Крепких напитков на Руси до конца XV в. не было; меды сыченые не превосходили крепости сухих вин, не выше 10—12 градусов. Рисовая водка (буза) пришла от татар, а хлебная появилась около 1472 г. с Запада вместе с византийской царевной Софьей, бабкой Ивана Грозного. Близился конец света (его ожидали в 7000 году от сотворения мира (1492 г. – год открытия Нового Света), и водка оказалась кстати, чтобы снять истерическую взвинченность испуганного населения. Не крепость напитков, не их качество и даже не интенсивность пития создавали атмосферу «зельного пития» – неумение пить и та воодушевленность, которая приходит по мере взаимного общения за чарой.
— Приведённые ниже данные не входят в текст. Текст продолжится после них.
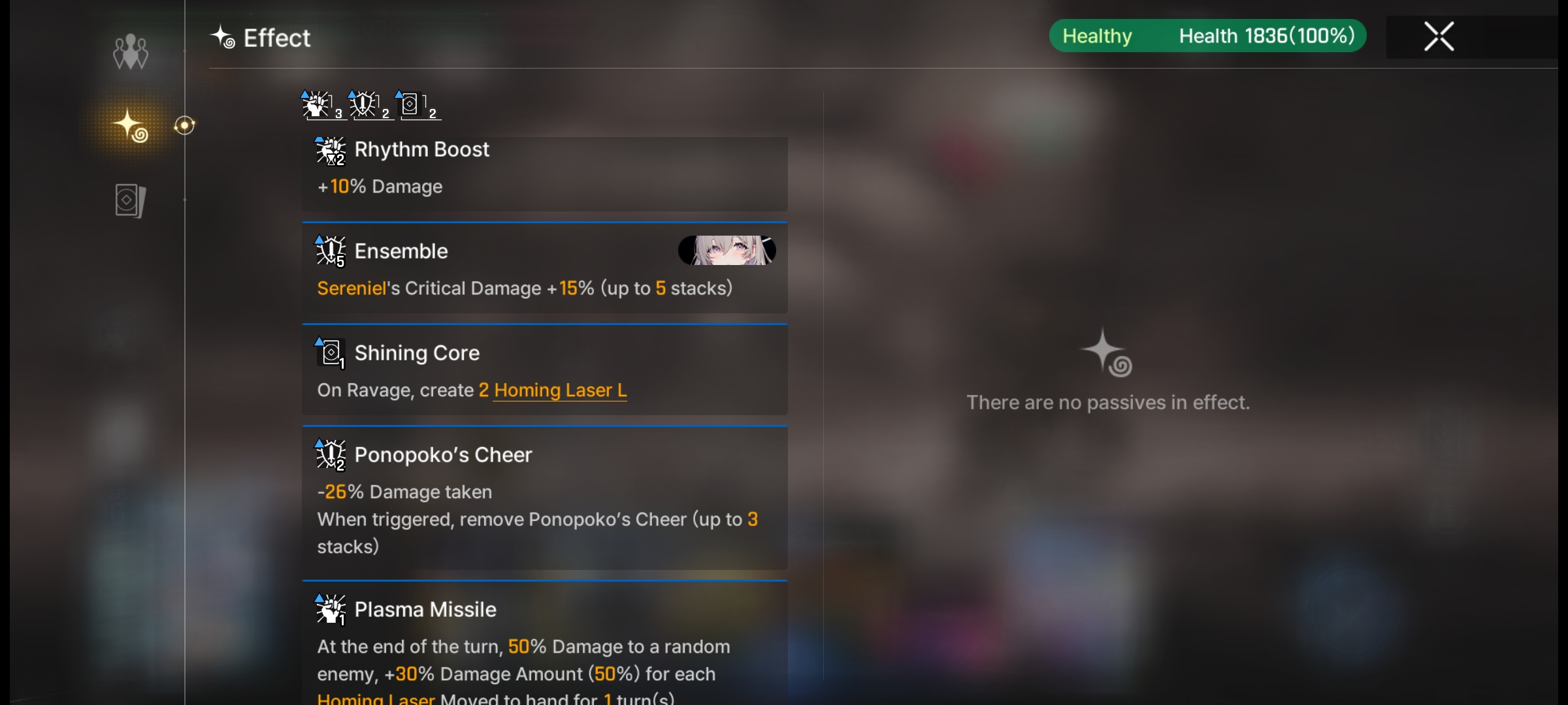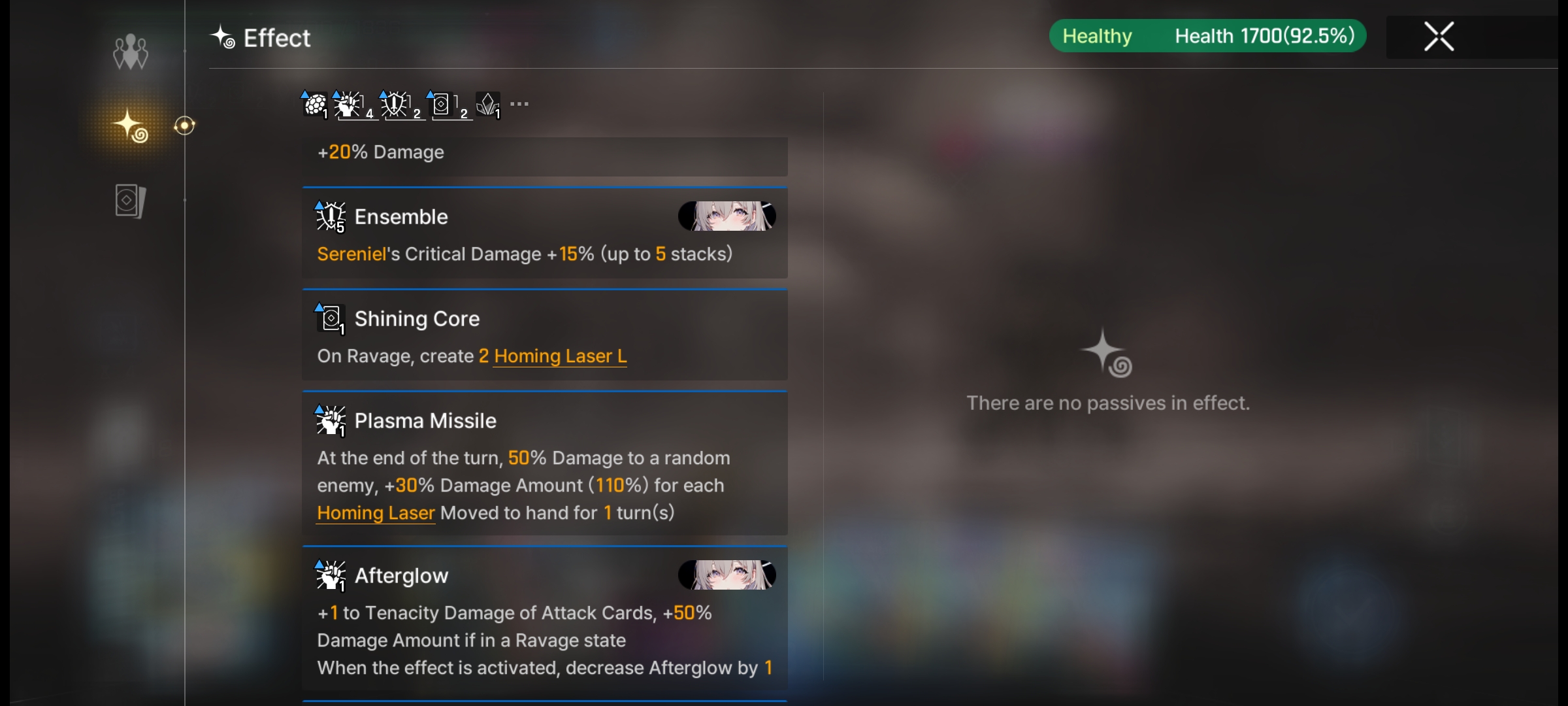 The following picture show sereniel e4 not working with this save in particular. The other save file seem to work just fine. I should get one stack of buff after I ravage this guy but nothing is given. Also the assesories also doesn't give effect too.

Иностранцы и сами непрочь выпить, но говорят о повальном пьянстве в России; такого никогда не было, да и слишком частые посты останавливали питие. Рассудительных и трезвых мужиков на Руси хватало. Судьба старообрядцев доказывает охранительную силу трезвости и воздержания.

Что же касается пьяного поветрия, то современная наука всё хорошо объяснила. Алкоголизм и наркомания, в отличие, например, от обжорства или курения, вовсе не «дурные привычки» и тем более не национальные предпочтения. «Тяга к вину и наркоте» – программа намеренного воздействия. Это психологическое кодирование, направленное на определенные группы людей с целью их обезволить и подчинить себе. Судя по тем истерическим отрицаниям этого утверждения, которые время от времени появляются в печати от заинтересованных лиц, это несомненно так.

Трижды в России велось наступление на волю подданных с помощью такого вида психотропного кодирования обездоленных, доведенных до отчаянного положения русских мужиков. После покорения Казани Иван Грозный ввел государеву службу целовальников; их деятельность усилилась при польском нашествии в разрушенной России начала XVII в. и была освящена в пьянейших загулах Петровской эпохи. Польско-еврейские шинкари эпохи «освобождения» в середине XIX в. и государственная монополия советских времен завершили дело. Экономическая выгода страны всегда казалась более важной, чем здоровье нации. А конформизм традиционной соборной культуры достаточно высок, чтобы развитие «пьянства» шло по нарастающей как примета особого шика и молодечества. Это одно из проявлений диктата, которым государство подавляет волю общества.

Так получается, что пьянство постепенно становится стереотипом поведения, в который оформилась хроническая неудовлетворенность человека, занятого непродуктивным или бессмысленным для него трудом, и столь же хронически страстная жажда праздника жизни [Касьянова 1994: 158; Тэневик 1996: 152]. В России и запой – не порочность воли, а «неудержимая потребность огорченной души», реакция на подавление личности. В XIX в. его объясняли либо тоской жизни (Петр Вяземский), либо необходимостью остановиться и «задуматься» (Петр Лавров).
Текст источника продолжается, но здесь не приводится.